— А не находите ль вы, что, лишая народ веры христовой, вы возвращаете его вспять, к вакханалиям языческим?
— Вы же знаете, Ириней Константинович, — поморщился Прозоров, — вы знаете, что я лично никогда не отрицал церкви как таковой, ее значения…
— Вы не отрицали ее прикладного значения. Но вы отрицали веру. То есть самую церковную суть и дух православия. А это чем лучше разбитых стекол?
Отец Ириней замолчал, тяжело дыша и скапливая новые силы для необычного, изматывающего разговора. Прозоров вспыхнул, хотел что-то возразить, но тут в комнату без предупреждения вошел Николай Иванович. Он размашисто перекрестился, скрипя половицами, подвинулся ближе, поздоровался с Прозоровым и склонил перед Сулоевым нечесаную мокрую голову:
— Отец Ириней! К милости твоей прибегаю и прошу… Не искупления грехов великих своих ради, ради взаимодушия.
— У меня нет с вами взаимодушия! — произнес отец Ириней. — От вас разит вином, идите и выспитесь.
— Приял и греха в этом не вижу, плоть пастыря та же, что и у прочих…
— И это вы пастырь? Истинно, заблуждение ума. Идите, Христос с вами.
— А кто же я, по вашему просвещенному мнению? — повысил голос отец Николай.
— Ириней Константинович… — Прозоров встал. — Я, пожалуй, пойду. Не буду мешать вам…

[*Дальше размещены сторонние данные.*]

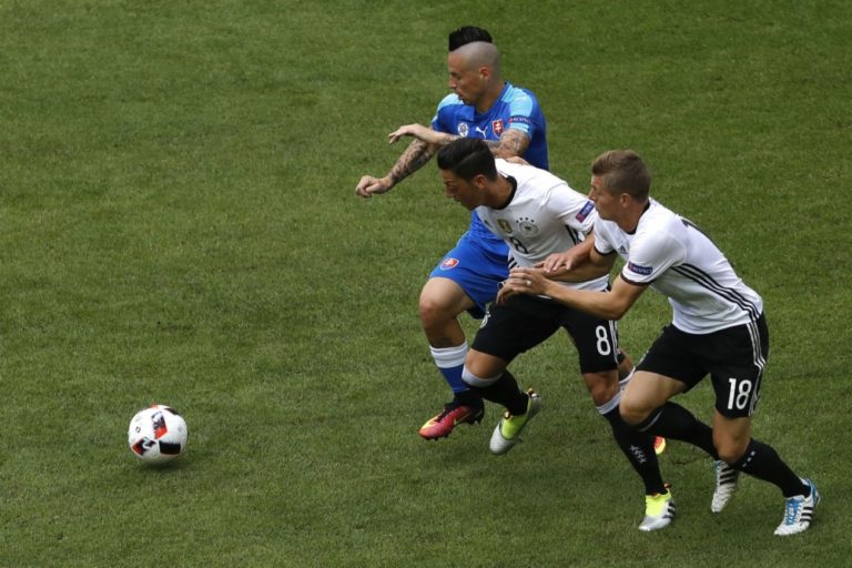Nemeckí futbalisti Mesut Özil a Tony Kroos v súboji s Markom Hamšíkom počas zápasu na majstrovstvách Európy. Lille, 26. jún 2016. Foto: SITA/AP

Чувствуя, что последнее замечание может быть понято как издевательство, он оглянулся:
— Простите…
На улице Владимир Сергеевич в изнеможении прислонился к одной из подоконных берез. Не зная, сколько времени он стоял так, открыл глаза: по березовому, в белой пыльце стволу бежали вверх и вниз хлопотливые муравьи. Из окна слышался медвежий бас отца Николая:
— Ха-ха-ха-ха-ха! На чем стояла православная Русь! Реформы… Ваши богословы только и знали что говорить! Сии профессоры неделями рассуждали о грузинской автокефалии! Либо разводили руками: откуда пошел раскол? А кто виноват, что церковь обюрократилась? Народ давно отошел от вас. Да грош цена такой церкви, которая яко сухая смоковница, истинно!
Все вокруг было тихо и неопределенно, только голос Николая Ивановича гудел в ушах. Сердце щемило от какой-то бесконечной неосознанной боли. Прозорову стало вдруг невыразимо стыдно. Он покраснел и, словно от ядовитого дерева, оттолкнулся от березы.
IX
Николай Николаевич Микулин сидел в волисполкоме за своим столом на венском стуле будто на шильях. Он раздваивался у себя на глазах. «Что за жизнь? — рассуждал председатель сам с собой. — Опять праздник. Давно ли отгуляли петров день, а казанская как тут и была. Нет, это не дело, такая жизнь».
Казанская в Ольховице — пивной годовой праздник. Микулина позвали в гости сразу в четыре дома, и вот он сидел в исполкоме и маялся. Идти нельзя, и не ходить тоже нехорошо. С тех пор как Лузина перевели в уезд, а в Шибанихе ликвидировали сельсовет и поставили Микулина председателем волисполкома в Ольховице, от приглашений и вовсе не стало отбою.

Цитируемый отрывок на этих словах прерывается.